Legal Notice to Users
This is computer system and network is the property of Rose Bruford College.
It is for authorized use only. Users (authorized or unauthorized) have no explicit or implicit expectation of privacy. Any or all uses of this system and all files on this system may be intercepted, monitored, recorded, copied, audited, inspected, and disclosed to any authorized law enforcement agency, as well as authorized officials of other agencies, both domestic and foreign. By using this system, the user consents to such interception, monitoring, recording, copying, auditing, inspection, and disclosure at the discretion of Rose Bruford College.

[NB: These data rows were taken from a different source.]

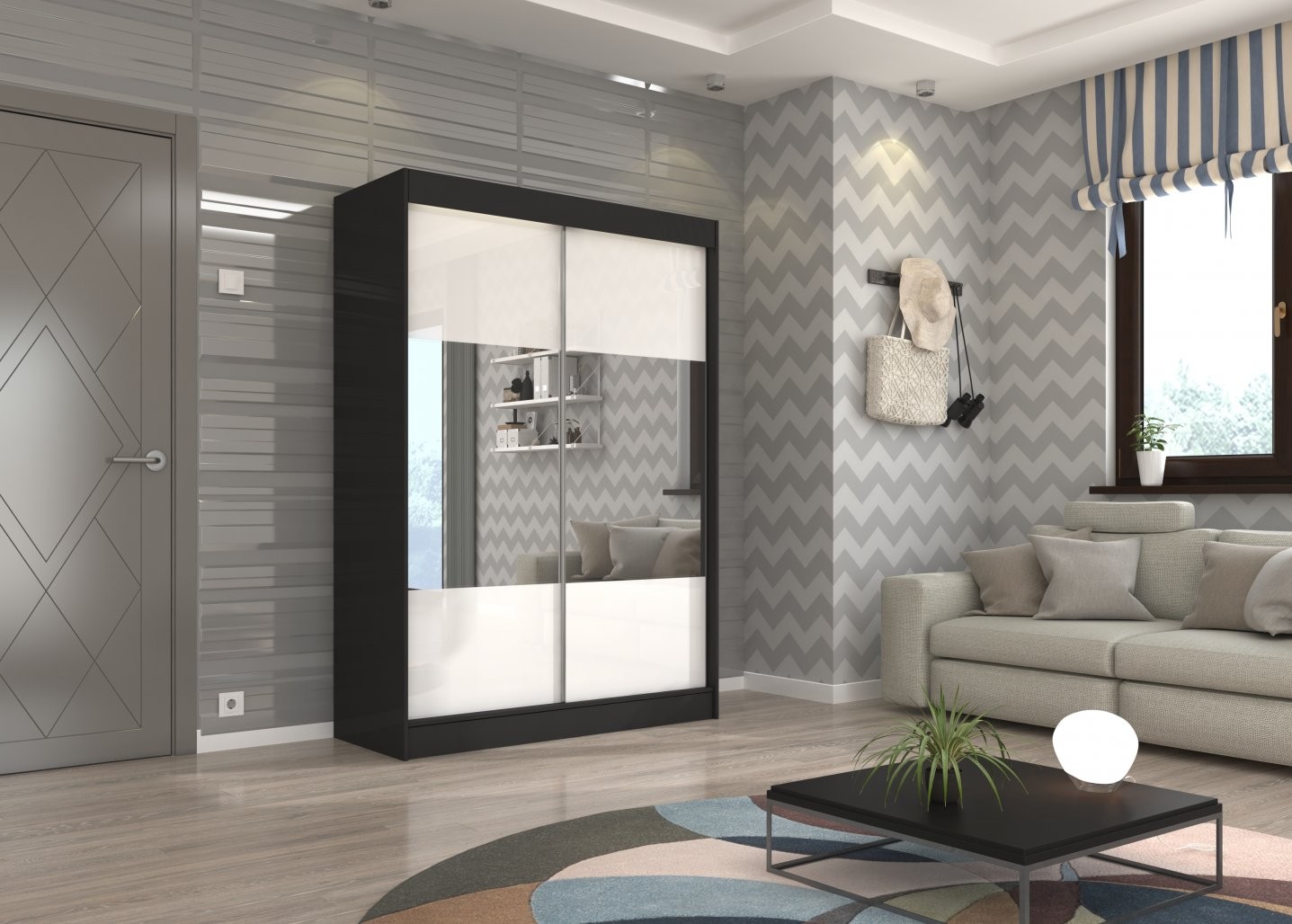 Drsna omara TAMOS z ogledalom in steklom Lacobel 150 cm - ČRNA
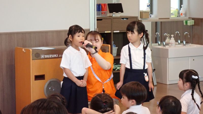 話は尽きない様子でしたが…全園児、職員揃っての始業式が始まりました。9月より新しく仲間になったお子さんの紹介では、前に立ち緊張しながらも自分の名前を伝えることが出来て立派でした!
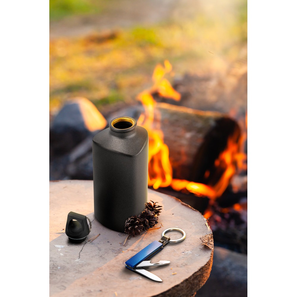 Chaveiro multifunções em metal.
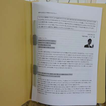 11月に来ていただいてお天気のお話をしてくださった気象予報士の片平さんから全学級に一言入ったサイン色紙と子どもたちがした質問に対する答えをまとめた冊子をいただきました。子どもたちも喜んでいます。片平さん,ありがとうございました。

Unauthorized or improper use of this system may result in administrative disciplinary action and civil and criminal penalties. By continuing to use this system you indicate your awareness of and consent to these terms and conditions of use.
LOG OFF IMMEDIATELY if you do not agree to the conditions stated in this warning or if you are not authorised to access this network (you do not have a valid username and password), or you are not using your own username and password.